TASK PROMPT:
Take the lines from the one with "Papel de carta" to the end of the listing, both ends included, and quote them exactly, leaving pictures out.
-- STORED DATA follows --
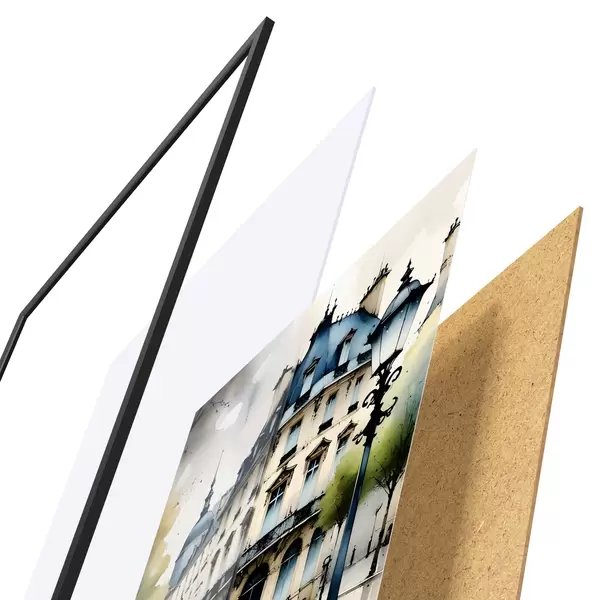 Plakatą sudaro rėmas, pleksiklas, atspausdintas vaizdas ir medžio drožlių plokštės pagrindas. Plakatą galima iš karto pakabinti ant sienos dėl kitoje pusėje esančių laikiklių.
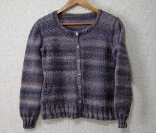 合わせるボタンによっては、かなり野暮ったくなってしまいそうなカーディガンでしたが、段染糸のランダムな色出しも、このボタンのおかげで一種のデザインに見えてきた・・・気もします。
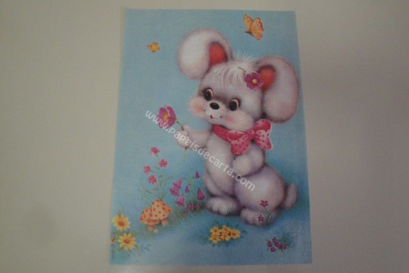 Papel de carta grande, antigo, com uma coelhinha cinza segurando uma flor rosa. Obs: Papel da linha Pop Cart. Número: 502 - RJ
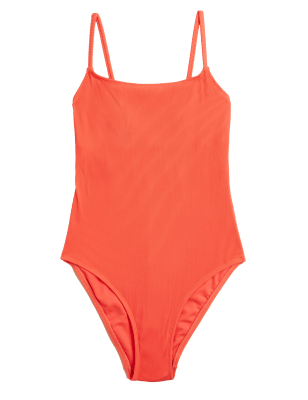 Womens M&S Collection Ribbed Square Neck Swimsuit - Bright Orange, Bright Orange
-- STORED DATA concluded --
PROBLEM SOLUTION:
 Papel de carta grande, antigo, com uma coelhinha cinza segurando uma flor rosa. Obs: Papel da linha Pop Cart. Número: 502 - RJ
 Womens M&S Collection Ribbed Square Neck Swimsuit - Bright Orange, Bright Orange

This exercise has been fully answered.